Excerpts from a dataset:

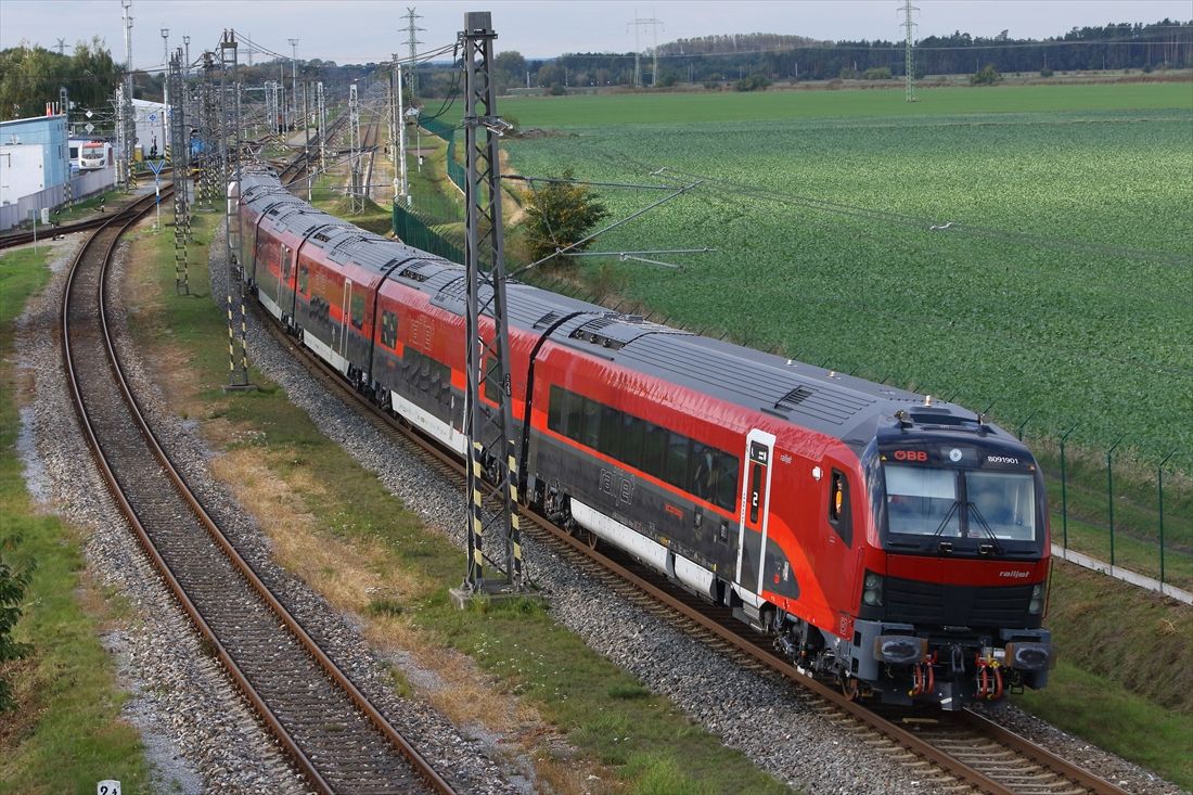 記事に戻る オーストリア鉄道「新型レイルジェット」の大進化 特急車両も「低床化」でバリアフリーを徹底の写真一覧 下に画像が続きます チェコのヴェリム試験線で試運転中の新型レイルジェット(撮影:橋爪智之) 6/51
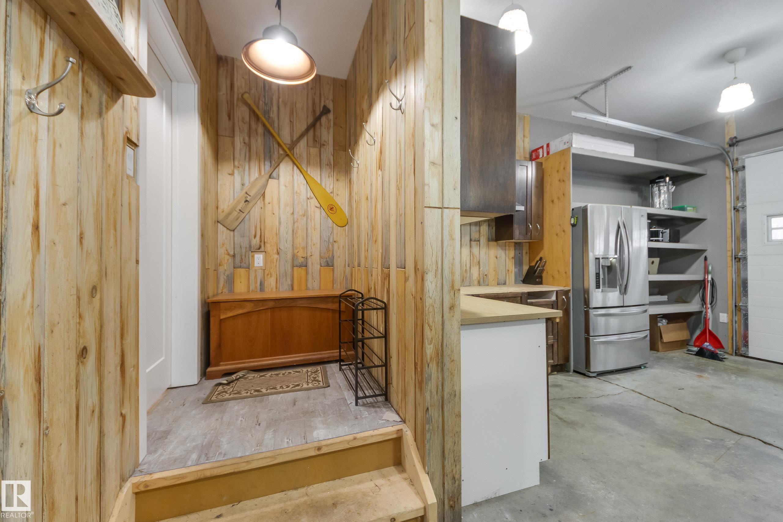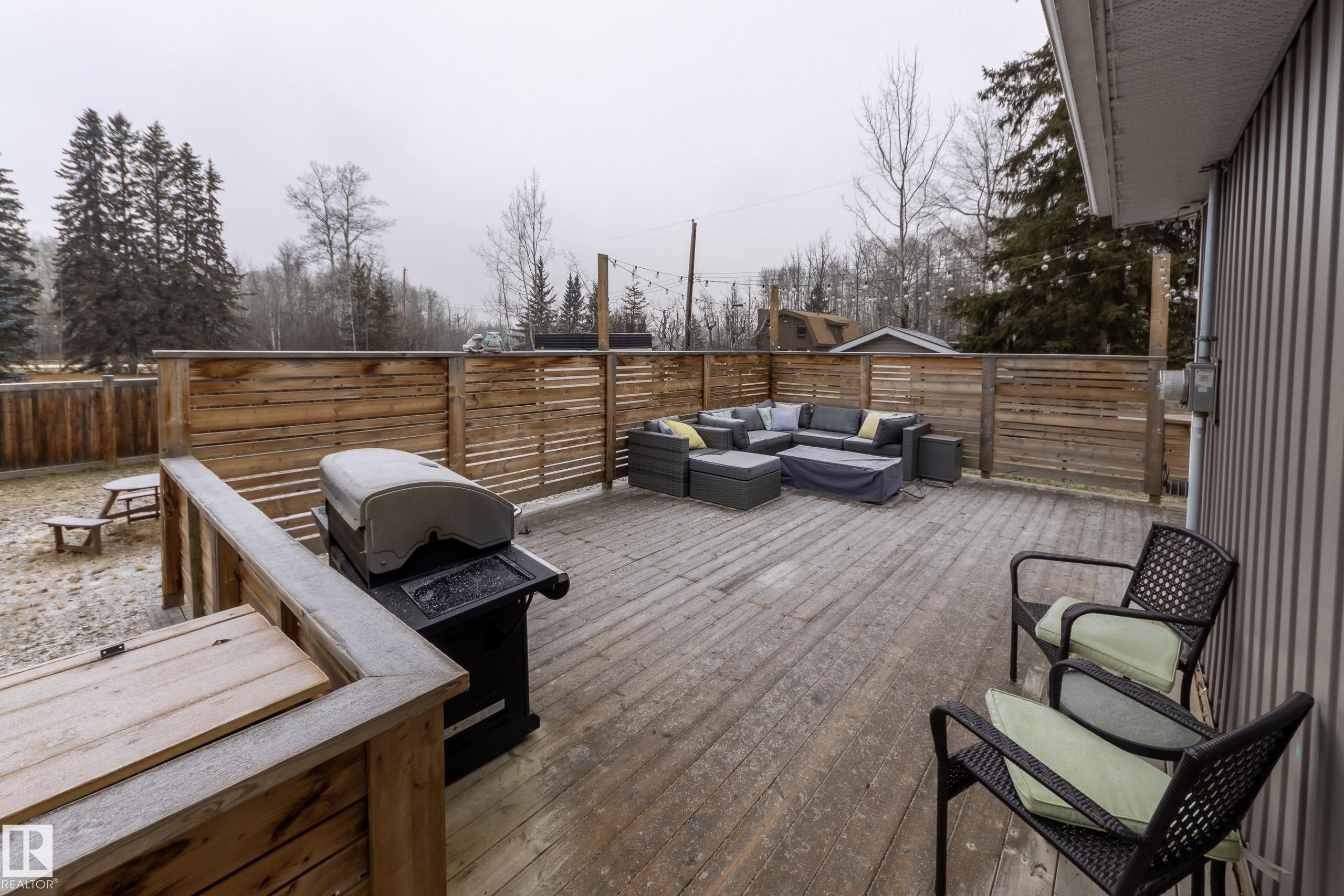 A wonderful retreat for the whole family! This unique property includes two titled lots in the community of Jones Beach--just a one-minute walk to Lake Isle. The main A-frame cottage features a loft, three bedrooms, a four-piece bathroom, a cozy living area with a wood-burning stove, and an open kitchen with an eating bar. Enjoy laminate flooring, vinyl windows, and a large wrap-around deck perfect for relaxing or entertaining. The double garage has been converted into a heated living space with a wood stove and a stainless-steel refrigerator. Attached to the garage is a two-bedroom bunkhouse, complete with a four-piece bathroom, in-suite laundry, a kitchen, dining area, and living room. Additional features include a separate storage shop, RV parking with hookups, and spacious front and back yard backing onto a creek. A firepit sits at the back of the property--perfect for those cozy summer nights. Located just one hour west of Edmonton, this property offers year-round enjoyment.
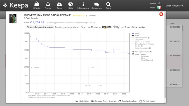 L’altro sito che ti segnalo per fare un tracking dei prezzi di Amazon è https://keepa.com/.
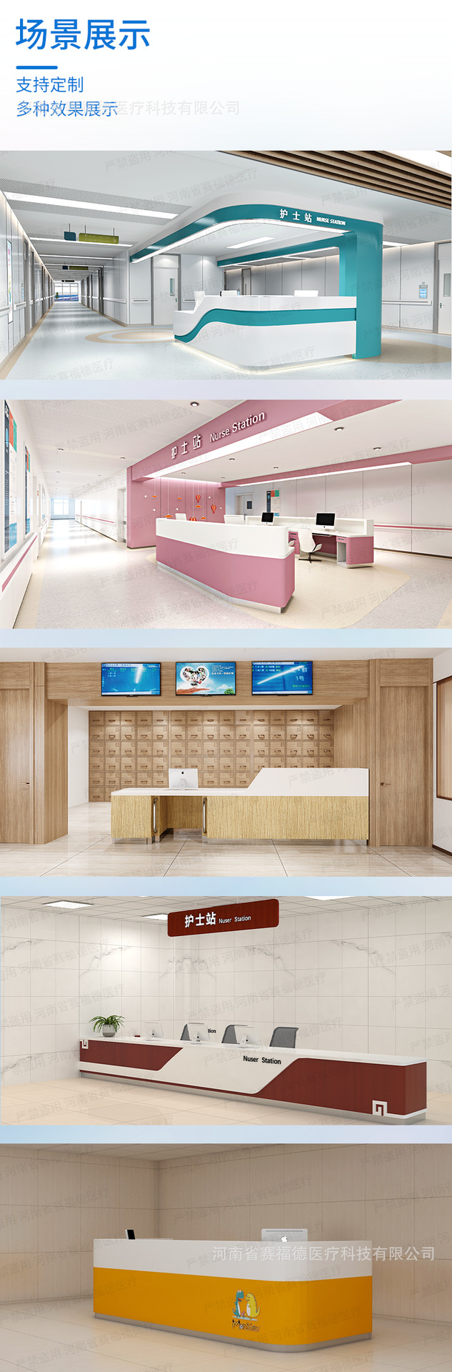 カスタム病院家具、電解鋼板製ナースステーション、ナースワークベンチ、案内台、アクリル人工石案内台
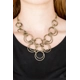 Brushed in an antiqued shimmer, brass rings link together below the collar, creating a bold interlocking pendant. Features an adjustable clasp closure.
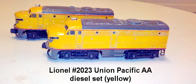 AA diesel set, Lionel #2023 Union Pacific AA diesel set (yellow), Lionel #204
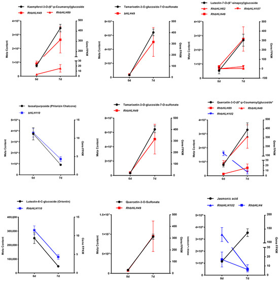 After heat treatment, Tamarixetin-3-O-glucoside-7-O-sulfonateexpression levels increased, and the expression levels of RhbHLH49 and RhbHLH89, which are positively correlated with it, also increased; jasmonic acid accumulation significantly increased after high-temperature treatment, while the negatively correlated RhbHLH102 and RhbHLH4 were downregulated (Figure 16). We performed the same analysis on the other flavonoids. The results indicated that 6 RhbHLH genes might be involved in regulating flavonoids and jasmonic acid in response to heat stress. Detailed data can be found in the Supplementary File S5.
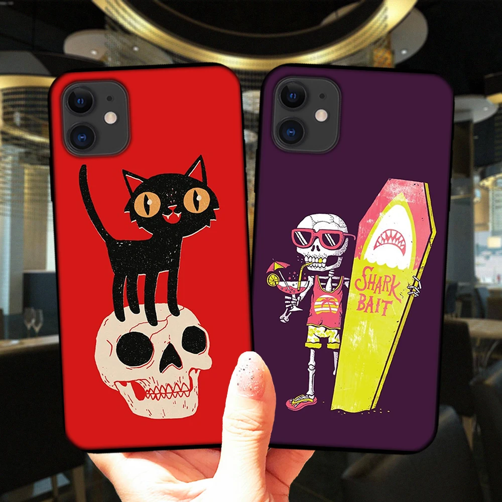 Funda de teléfono con divertido gato escalonado con máscara de calavera para iPhone 12 Mini 11 Pro XS Max 6S 8 7 Plus X XR SE 2020 funda negra de silicona suave
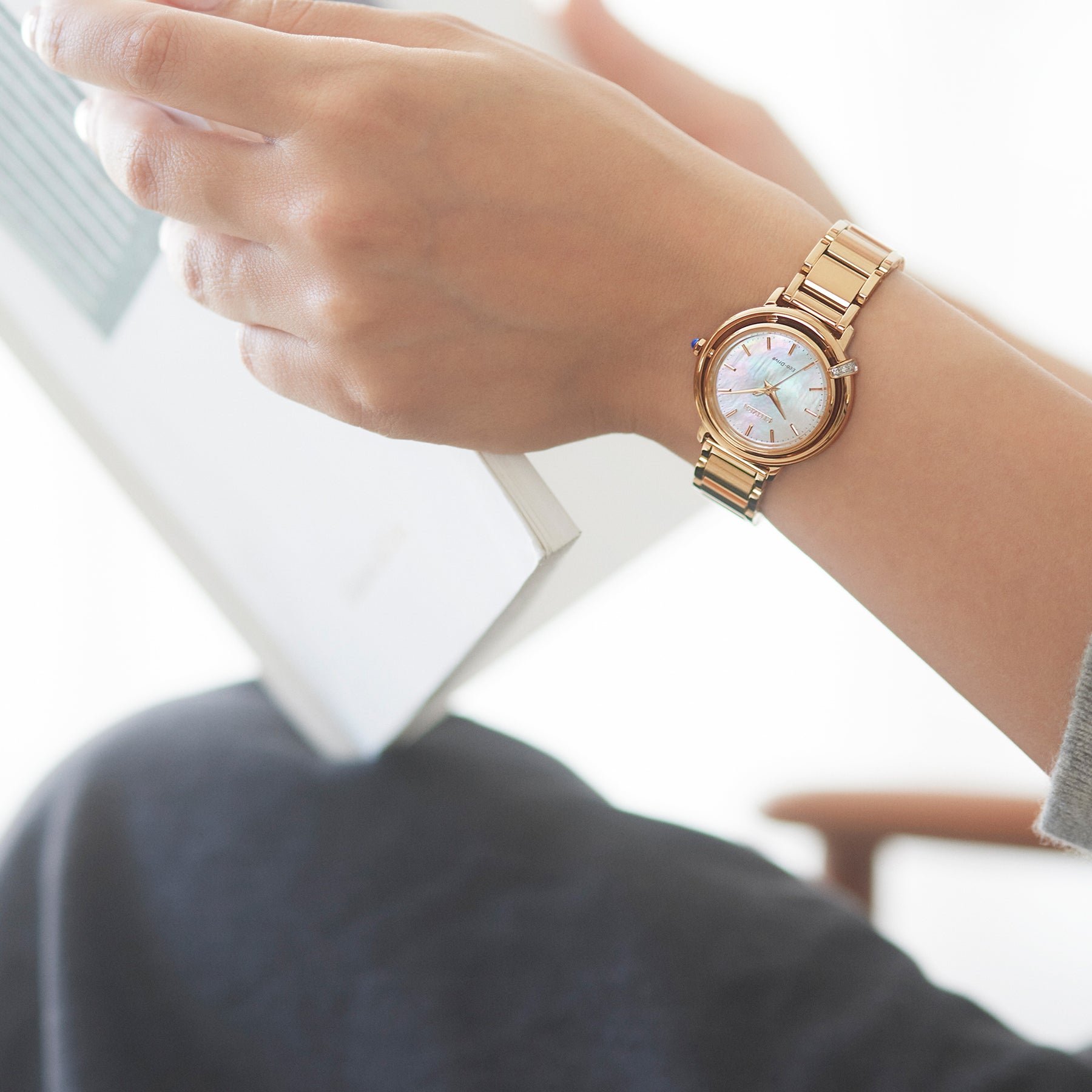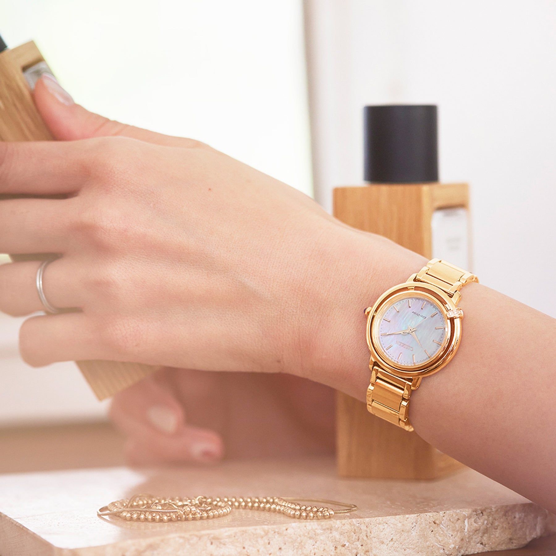 Classic lines and hints of romance make this newest piece to our ladies' collection; the CITIZEN L Arcly is a glamorous addition. Inspired by the sunrise, this watch features a sleek design that combines the gentle, curving lines of the stainless-steel case with lustrous mother-of-pearl dial to showcase the delicate beauty of the sunrise itself. Continuing to provide sustainable watches, the CITIZEN L collection uses the elegant designs to reflect the beauty of the planet while evoking the feelings of joy and happiness every time you look at your wrist.Special features also include a 3 set diamond at the 7 o'clock postion, representing the the appearence of the first flash of dawn and extra strap.
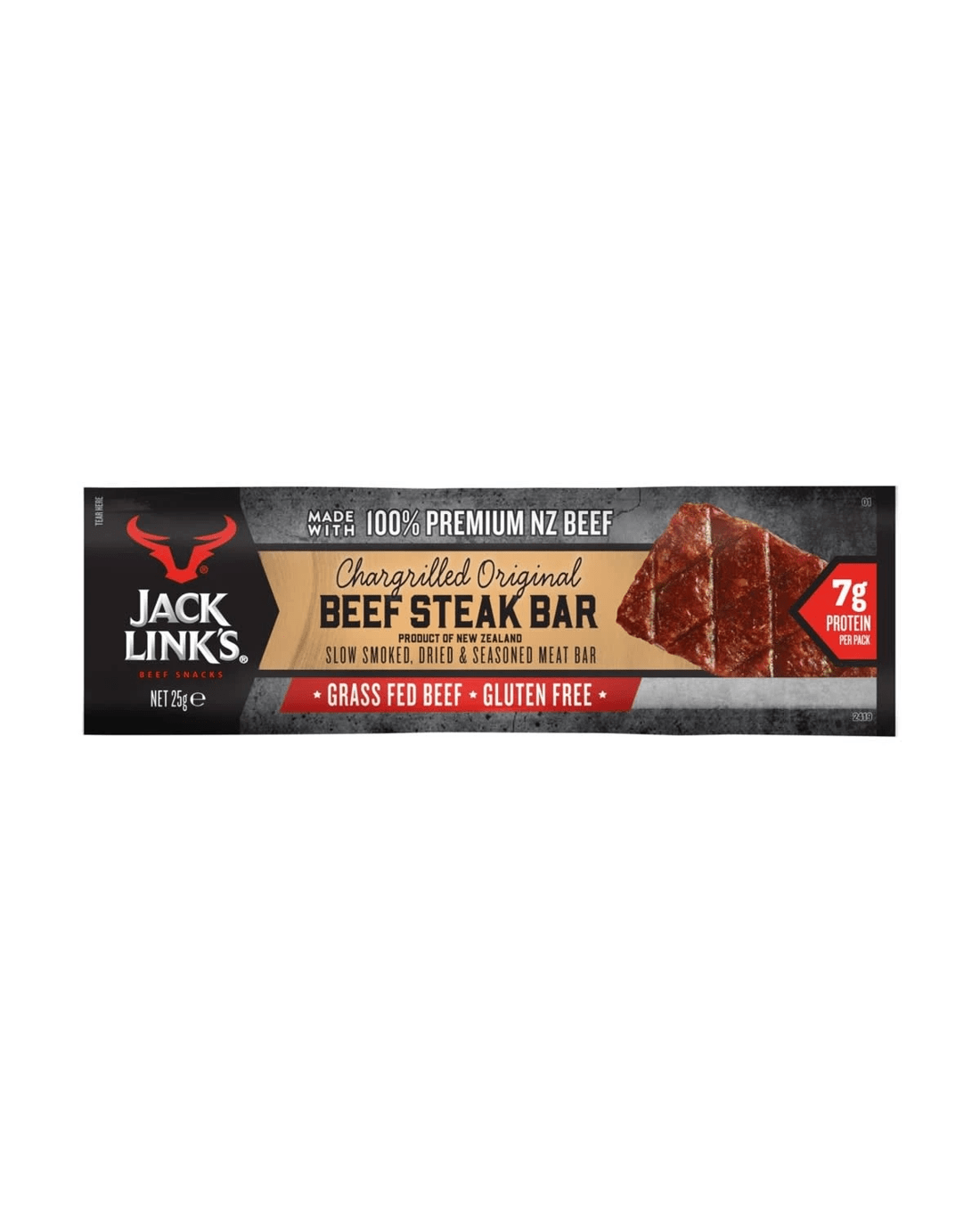 Step aside chalky protein bars. Move over sugary muesli bars! With Jack Link's Chargrilled Original Beef Steak Bars you get a bar made with 100% beef, savoury taste and 7 grams of protein per bar. Come on! That's a real snack.

EXERCISE DIRECTIONS: Exactly reproduce the lines above, starting at the one that contains "AA diesel set, Lionel" and ending at the one that contains "Funda de teléfono", both inclusive; leave the pictures out and add no other lines.

REPLY:
 AA diesel set, Lionel #2023 Union Pacific AA diesel set (yellow), Lionel #204
 After heat treatment, Tamarixetin-3-O-glucoside-7-O-sulfonateexpression levels increased, and the expression levels of RhbHLH49 and RhbHLH89, which are positively correlated with it, also increased; jasmonic acid accumulation significantly increased after high-temperature treatment, while the negatively correlated RhbHLH102 and RhbHLH4 were downregulated (Figure 16). We performed the same analysis on the other flavonoids. The results indicated that 6 RhbHLH genes might be involved in regulating flavonoids and jasmonic acid in response to heat stress. Detailed data can be found in the Supplementary File S5.
 Funda de teléfono con divertido gato escalonado con máscara de calavera para iPhone 12 Mini 11 Pro XS Max 6S 8 7 Plus X XR SE 2020 funda negra de silicona suave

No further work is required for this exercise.